Rob Calabrese

Los Angeles Rams
- Title: Wide receivers coach

Personal information
- Born: March 5, 1990 (age 36) Islip Terrace, New York, U.S.
- Listed height: 6 ft 2 in (1.88 m)
- Listed weight: 216 lb (98 kg)

Career information
- Positions: Quarterback, Wide Receiver
- High school: East Islip (NY)
- College: UCF (2008-2012)

Career history
- Oviedo HS (2013) Quarterbacks coach; UCF (2014–2015) Graduate assistant; Wagner (2016) Running backs coach & assistant special teams coordinator; Wagner (2017–2018) Offensive coordinator & quarterbacks coach; Denver Broncos (2019–2020) Offensive quality control coach; New York Jets (2021–2023) Quarterbacks coach; Los Angeles Rams (2024–2025) Offensive assistant; Los Angeles Rams (2026–present) Wide receivers coach;

= Rob Calabrese =

American football player and coach (born 1990)

Rob Calabrese (born March 5, 1990) is an American football coach who is the wide receivers coach for the Los Angeles Rams of the National Football League (NFL).

== Early life and playing career ==
A native of Islip Terrace, New York, Calabrese played quarterback at East Islip High School, where he broke the school records for career passing yards and touchdowns, set by former NFL MVP and Calabrese's mentor Boomer Esiason.
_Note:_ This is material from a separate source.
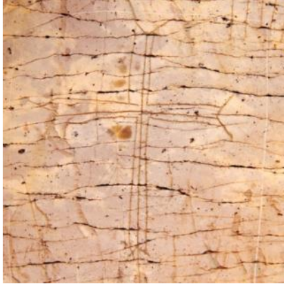
Figure 33: The Figure Which is Show the Four Directions in Deliklikaya

the South, cross(x) sign was put. It means if it is not carelessness, these points were pointed out either the inner part or the out part. At the southern end of both figures were not finished at the end of the arrow are lengthened at the bottom part of the rock. By this drawing a thought which is about eternity must be given.

Calabrese played college football at UCF from 2008 to 2012. As a true freshman, he led the team in passing yards, completions, and passing attempts. After starting the first two games in 2009 as a sophomore, he was benched for Brett Hodges and spent the remainder of the season as a reserve quarterback. He suffered a serious knee injury as a junior in a game against Marshall and sat out his senior season. As a redshirt senior, he split time at both quarterback and wide receiver while taking on more of a mentor role.

==Coaching career==
===Early coaching career===
At the conclusion of his playing career, Calabrese joined the coaching staff at nearby Oviedo High School in the Orlando area as their varsity quarterbacks coach in 2013. He joined the coaching staff at his alma mater UCF in 2014 as a graduate assistant. He was not retained following the departure of George O'Leary and the hire of Scott Frost. He was hired as the running backs coach and assistant special teams coordinator at Wagner in 2016 before being promoted to offensive coordinator in 2017 to replace Rich Scangarello.

===Denver Broncos===
Calabrese was hired as a quality control assistant on January 23, 2019, once again working under Rich Scangarello, the newly hired offensive coordinator for the Broncos. Calabrese was rumored to be a possibility to start at quarterback for the Broncos in 2020 for their game against the Saints after all of their quarterbacks were ruled out due to COVID-19 protocols and he took offensive practice reps. However, the NFL quickly shot down the idea due to not wanting teams to stock up on players by referring to them as coaches.

===New York Jets===
On January 18, 2021, Calabrese was hired by the New York Jets to be their quarterbacks coach under head coach Robert Saleh.